Johnny Mathis chronology
| The Best of Johnny Mathis 1975–1980 (1980) | I Love My Lady (2017) | The First 25 Years – The Silver Anniversary Album (1981) |

= I Love My Lady =

I Love My Lady is an album by American pop singer Johnny Mathis that was completed in 1981 but not released in its entirety until December 8, 2017, when it was included in the box set The Voice of Romance: The Columbia Original Album Collection. It was written and produced by Chic founders Bernard Edwards and Nile Rodgers and represented an attempt at shifting away from the easy listening style of music that Mathis had been recording for 25 years to the more contemporary sound of the team behind "Le Freak" and "We Are Family".

As part of Record Store Day on April 21, 2018, Legacy Recordings gave I Love My Lady its standalone debut with a pressing on clear smoke vinyl.

==History==

Mathis experienced a career resurgence in the spring of 1978 with the release of a duet he recorded with Deniece Williams titled "Too Much, Too Little, Too Late". The single was his first to achieve Gold certification from the Recording Industry Association of America, which at the time was awarded for sales of one million units in the US; it was his first song to make the top 40 on the Billboard Hot 100 since the number 30 showing of "Every Step of the Way" in 1963 and his first number one song on that chart since the magazine started it in 1958 (although "Chances Are" spent a week at number one on the magazine's "Most Played by Jockeys" chart in 1957). The duet also gave Mathis a resurgence in album sales with its inclusion on You Light Up My Life, his first top 10 entry on the magazine's LP chart since 1966 and his first non-holiday studio album to receive Platinum certification since 1959's Heavenly.

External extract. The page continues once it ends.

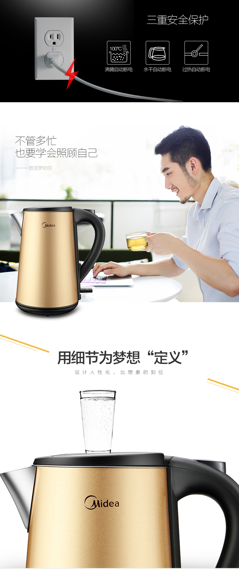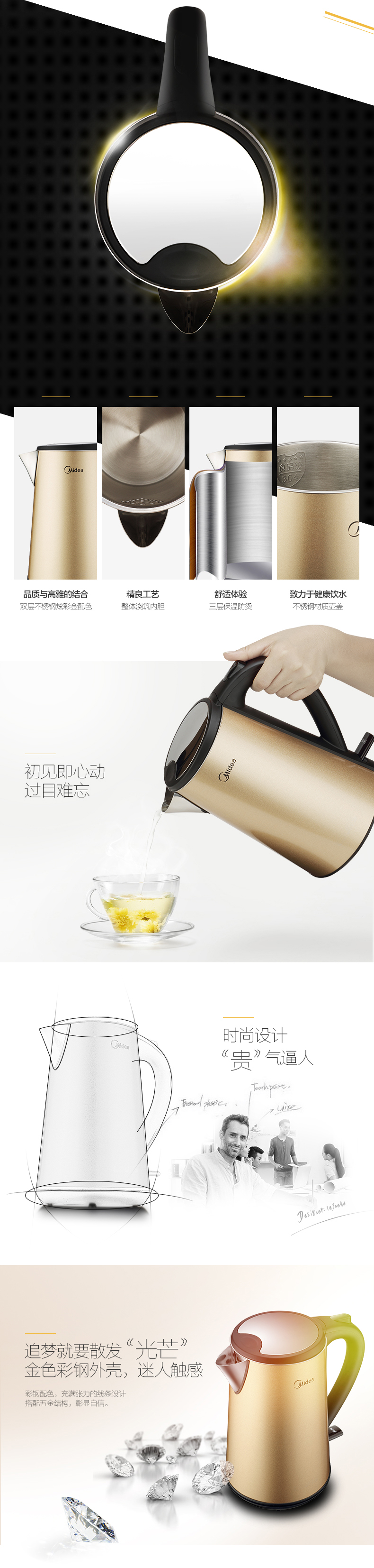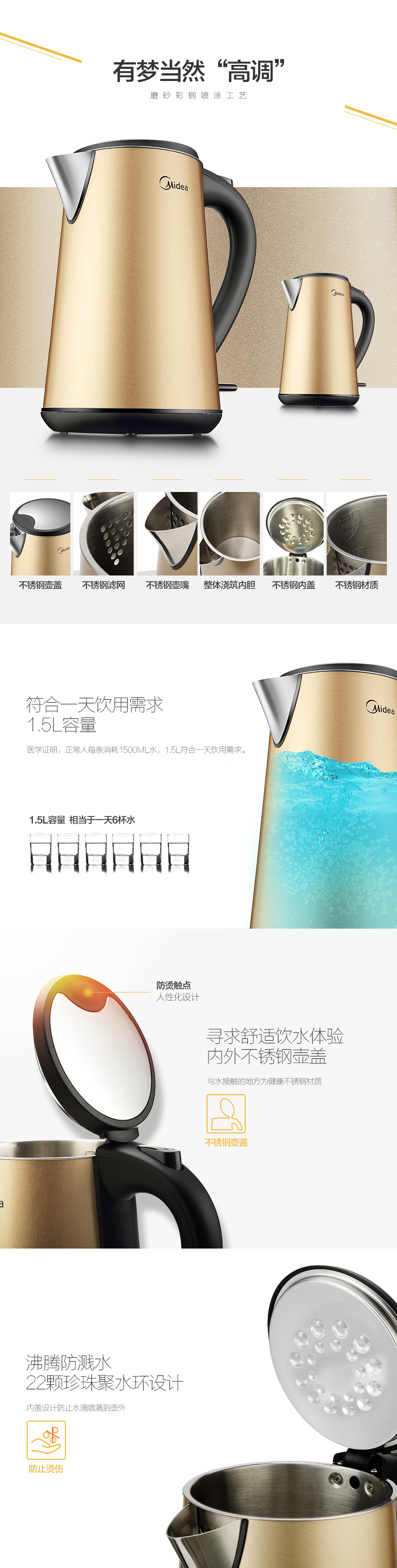 三層彩鋼防燙;6D全鋼(壺身、壺頂蓋、壺嘴、壺內(nèi)膽、過(guò)濾網(wǎng)、壺內(nèi)蓋);strix進(jìn)口溫控器,高效控溫;無(wú)縫內(nèi)膽,更易清潔;流行土豪金配色

Mathis was able to sustain some of the momentum in album sales by re-teaming with Williams immediately for an entire album of duets: That's What Friends Are For went Gold and had a respectable peak at number 19 on the album chart but managed only the number 47 "You're All I Need to Get By" as far as pop chart entries. His first album release in 1979, The Best Days of My Life, only got as high as number 122 with two songs just making the Adult Contemporary chart, and his second, Mathis Magic, missed the Billboard album chart altogether and had no charting singles. Although he had been leaning more heavily on original material since the success with Williams, he had worked with the same producer, Jack Gold, on eight of the albums that he recorded between 1975 and 1980 and was willing to explore other options.

In late December 1980 and January 1981 Mathis recorded the album I Love My Lady with Bernard Edwards and Nile Rodgers at the helm. All tracks for the album were written by the duo, whose songwriting credits included hits by their own band, Chic, as well as Sister Sledge and Diana Ross. Mathis was quoted as having enjoyed the project: "What a joy to work and sing with Bernard and Nile ... A unique experience that introduced me to new and exciting singing, as though using musical notes and phrases as brush strokes. A true departure for me as a vocalist and a milestone in my career." After the completion of the album, "nobody said anything over at Columbia, and a best-of album [The First 25 Years – The Silver Anniversary Album] came out instead."

In 2004 a spokeswoman for Mathis explained the efforts that had been made to get the album released. "We have forwarded to Sony, by way of our attorney, letters, inquiries, etc. from fans who were hoping to hear this album. This seems to have had no impact." When asked in a 2011 radio interview as to why the album had never been released, Mathis gave a brief chuckle as he replied, "Probably because the record company is almighty when you're making music to sell. They have their likes and dislikes.... I guess because they didn't think it would sell."

==Resurfacing==
At the EMP Pop Conference on April 19, 2009, music historian Andy Zax gave the presentation "Lost in Lost Music: Rediscovering Johnny Mathis' I Love My Lady" in which he describes his interest in producing a CD box set that would cover the music that Edwards and Rodgers produced for Chic and other artists. He discovered the unreleased Mathis album in August 2007 while looking through the vault of tapes that would have held much of the material he was wanting for the project.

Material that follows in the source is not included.